Toward the end of my practice, as I mentioned earlier, I began to focus only on Stoicism, because I found it the most useful for a broad range of problems, and because I was personally interested in it. Another counselor may have made an equally valid choice and zeroed on Buddhism, or Existentialism. That’s because in philosophy there is no truth, but only a range of more or less adequate or useful accounts, or ways to think about stuff. To some this makes philosophy somehow inferior to the natural sciences. To me it simply makes it different.
Roxana and Gerardo, however, believe this is a problem, which they label the issue of “the [proper] selection of intervention and conceptual frameworks.” Interestingly, they claim that such selection ought to be based on the hypothetical-deductive method, which they claim to be characteristic of the natural sciences. Except that philosophers of science have given up on the idea of the existence of the scientific method, and the hypothetical-deductive solution in particular, which was offered early on by the logical positivists, was one of the first candidates to go down the drain, for very solid reasons. So it is strange to fault philosophical counseling — which explicitly claims not to be a science — for not adopting a framework that the sciences themselves demonstrably do not adopt.
In the end, the disagreement comes down to how one thinks of the nature of philosophical counseling in particular, and the nature of philosophy in general (an issue, the latter, about which I have written a whole book, available for free on this site).

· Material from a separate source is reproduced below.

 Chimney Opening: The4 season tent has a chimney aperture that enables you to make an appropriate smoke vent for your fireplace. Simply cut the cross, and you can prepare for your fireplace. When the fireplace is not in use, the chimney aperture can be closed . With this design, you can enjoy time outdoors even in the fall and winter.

Roxana and Gerardo’s position is clear: “We agree with Mosterin’s proposal when he writes: ‘Science and philosophy are continuous. Philosophy is the most comprehensive, reflective and speculative part of science, the area of discussion that precede and follow scientific developments. Science is the most specialized, rigorous and well contrasted part of philosophy, the part that is incorporated in standard models and textbooks and technological applications.”
I too think that science and philosophy are continuous with each other, as I see them as different aspects of the broader approach that I call scientia. Yet continuity doesn’t mean only gradation, but also the existence of distinct areas of expertise and applications, as well as of distinct methods. If one denies that, then one is only talking of continuity, but in effect advocating a unification or, in the specific case, a subordination of one field to the other.

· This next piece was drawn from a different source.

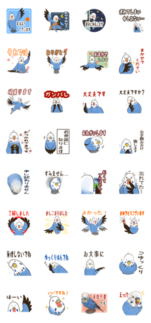 敬語よりの青いセキセイインコのスタンプです。お仕事や日常会話で使えそうな言葉を集めました。ゆるかったりリアルだったりします

I think that philosophical counseling is not a type of therapy, and does not deal with human mental health pathologies — unlike much of psychology and the entirety of psychiatry (fields, as I’ve pointed out, with plenty of serious problems of their own). It is, instead, more akin to life coaching or pastoral or rabbinical counseling, though even those are of course imperfect analogies.

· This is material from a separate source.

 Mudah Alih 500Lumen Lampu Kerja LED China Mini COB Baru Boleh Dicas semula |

If PC counselors want their practice to be paid for my health insurances, or if they do claim that what they are doing is therapy in the medical sense of the term, then they are mistaken and professional organizations like the APPA should discipline them. Moreover, when proper laws are applicable, such claims should be prosecuted as fraudulent.
But when practitioners of philosophical counseling explicitly say that they are not engaging in medical practice, and that it is a defining characteristic of what they do that their goals are not to cure anything, but rather to offer a variety of potentially useful perspectives on existential problems, then they should be taken at face value and allowed to practice their art, or, more precisely, their techne.